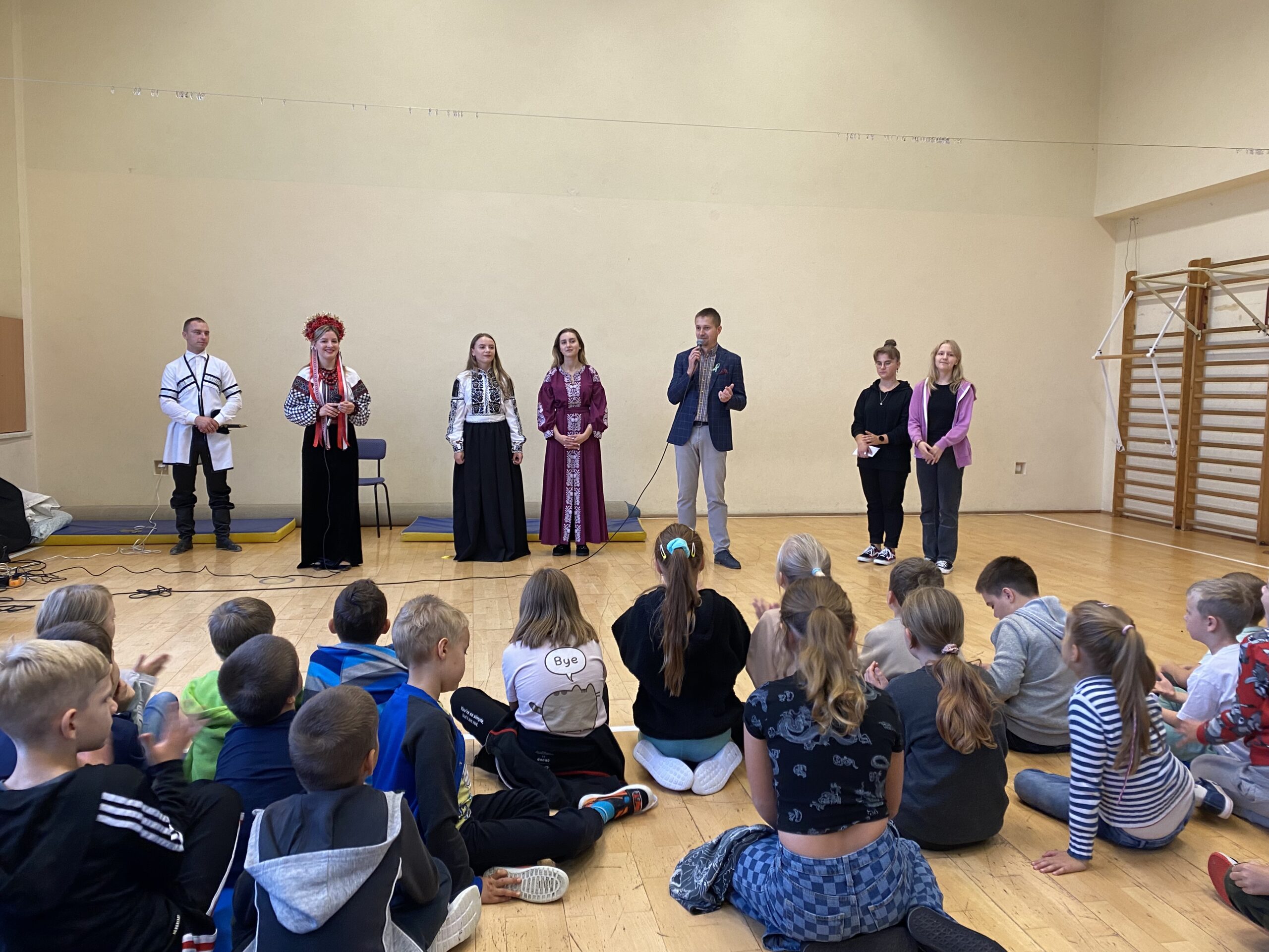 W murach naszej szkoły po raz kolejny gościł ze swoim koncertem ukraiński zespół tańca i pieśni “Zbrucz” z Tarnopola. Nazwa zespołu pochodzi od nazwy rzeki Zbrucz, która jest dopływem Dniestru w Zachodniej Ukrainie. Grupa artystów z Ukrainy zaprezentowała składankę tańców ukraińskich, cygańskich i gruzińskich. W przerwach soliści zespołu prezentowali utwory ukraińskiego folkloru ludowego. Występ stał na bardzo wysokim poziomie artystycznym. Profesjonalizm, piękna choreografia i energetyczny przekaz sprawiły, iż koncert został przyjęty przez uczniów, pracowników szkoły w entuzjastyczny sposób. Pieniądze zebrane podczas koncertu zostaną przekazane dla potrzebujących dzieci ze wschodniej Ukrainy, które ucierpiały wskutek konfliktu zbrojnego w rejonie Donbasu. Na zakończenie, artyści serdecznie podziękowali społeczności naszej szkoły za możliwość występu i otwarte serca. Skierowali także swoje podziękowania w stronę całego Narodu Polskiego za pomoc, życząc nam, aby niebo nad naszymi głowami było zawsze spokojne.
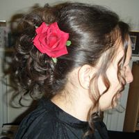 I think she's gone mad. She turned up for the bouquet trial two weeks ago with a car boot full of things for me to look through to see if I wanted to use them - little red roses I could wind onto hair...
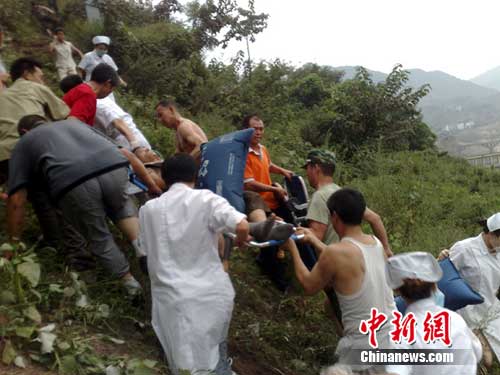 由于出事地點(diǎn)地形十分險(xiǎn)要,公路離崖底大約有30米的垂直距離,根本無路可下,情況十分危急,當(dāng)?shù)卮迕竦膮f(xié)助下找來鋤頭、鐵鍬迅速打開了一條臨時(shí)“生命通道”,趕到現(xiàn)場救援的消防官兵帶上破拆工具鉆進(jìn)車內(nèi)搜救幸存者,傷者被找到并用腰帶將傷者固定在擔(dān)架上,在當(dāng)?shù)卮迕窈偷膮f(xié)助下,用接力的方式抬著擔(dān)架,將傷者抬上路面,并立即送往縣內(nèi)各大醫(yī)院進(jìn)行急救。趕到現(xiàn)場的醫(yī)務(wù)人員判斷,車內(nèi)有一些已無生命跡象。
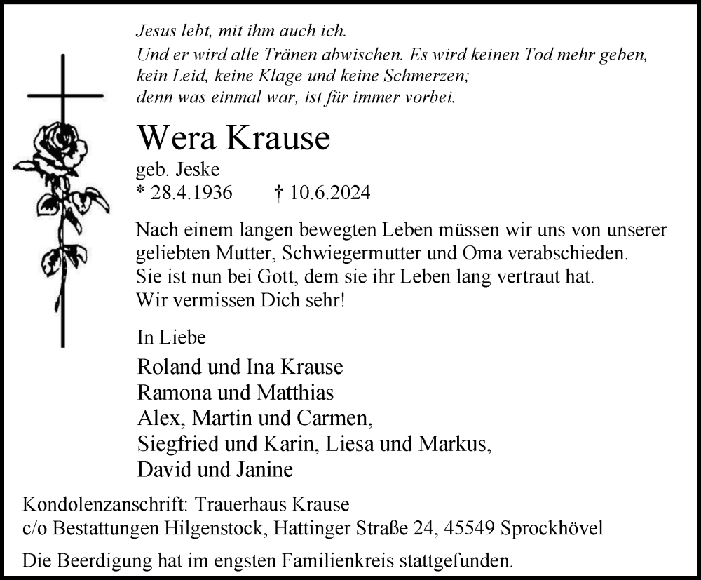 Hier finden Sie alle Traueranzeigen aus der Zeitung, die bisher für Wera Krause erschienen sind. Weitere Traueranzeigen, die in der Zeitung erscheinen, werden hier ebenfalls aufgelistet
.....
Omit any images, then output the listing exactly.

 W murach naszej szkoły po raz kolejny gościł ze swoim koncertem ukraiński zespół tańca i pieśni “Zbrucz” z Tarnopola. Nazwa zespołu pochodzi od nazwy rzeki Zbrucz, która jest dopływem Dniestru w Zachodniej Ukrainie. Grupa artystów z Ukrainy zaprezentowała składankę tańców ukraińskich, cygańskich i gruzińskich. W przerwach soliści zespołu prezentowali utwory ukraińskiego folkloru ludowego. Występ stał na bardzo wysokim poziomie artystycznym. Profesjonalizm, piękna choreografia i energetyczny przekaz sprawiły, iż koncert został przyjęty przez uczniów, pracowników szkoły w entuzjastyczny sposób. Pieniądze zebrane podczas koncertu zostaną przekazane dla potrzebujących dzieci ze wschodniej Ukrainy, które ucierpiały wskutek konfliktu zbrojnego w rejonie Donbasu. Na zakończenie, artyści serdecznie podziękowali społeczności naszej szkoły za możliwość występu i otwarte serca. Skierowali także swoje podziękowania w stronę całego Narodu Polskiego za pomoc, życząc nam, aby niebo nad naszymi głowami było zawsze spokojne.
 I think she's gone mad. She turned up for the bouquet trial two weeks ago with a car boot full of things for me to look through to see if I wanted to use them - little red roses I could wind onto hair...
 由于出事地點(diǎn)地形十分險(xiǎn)要,公路離崖底大約有30米的垂直距離,根本無路可下,情況十分危急,當(dāng)?shù)卮迕竦膮f(xié)助下找來鋤頭、鐵鍬迅速打開了一條臨時(shí)“生命通道”,趕到現(xiàn)場救援的消防官兵帶上破拆工具鉆進(jìn)車內(nèi)搜救幸存者,傷者被找到并用腰帶將傷者固定在擔(dān)架上,在當(dāng)?shù)卮迕窈偷膮f(xié)助下,用接力的方式抬著擔(dān)架,將傷者抬上路面,并立即送往縣內(nèi)各大醫(yī)院進(jìn)行急救。趕到現(xiàn)場的醫(yī)務(wù)人員判斷,車內(nèi)有一些已無生命跡象。
 Hier finden Sie alle Traueranzeigen aus der Zeitung, die bisher für Wera Krause erschienen sind. Weitere Traueranzeigen, die in der Zeitung erscheinen, werden hier ebenfalls aufgelistet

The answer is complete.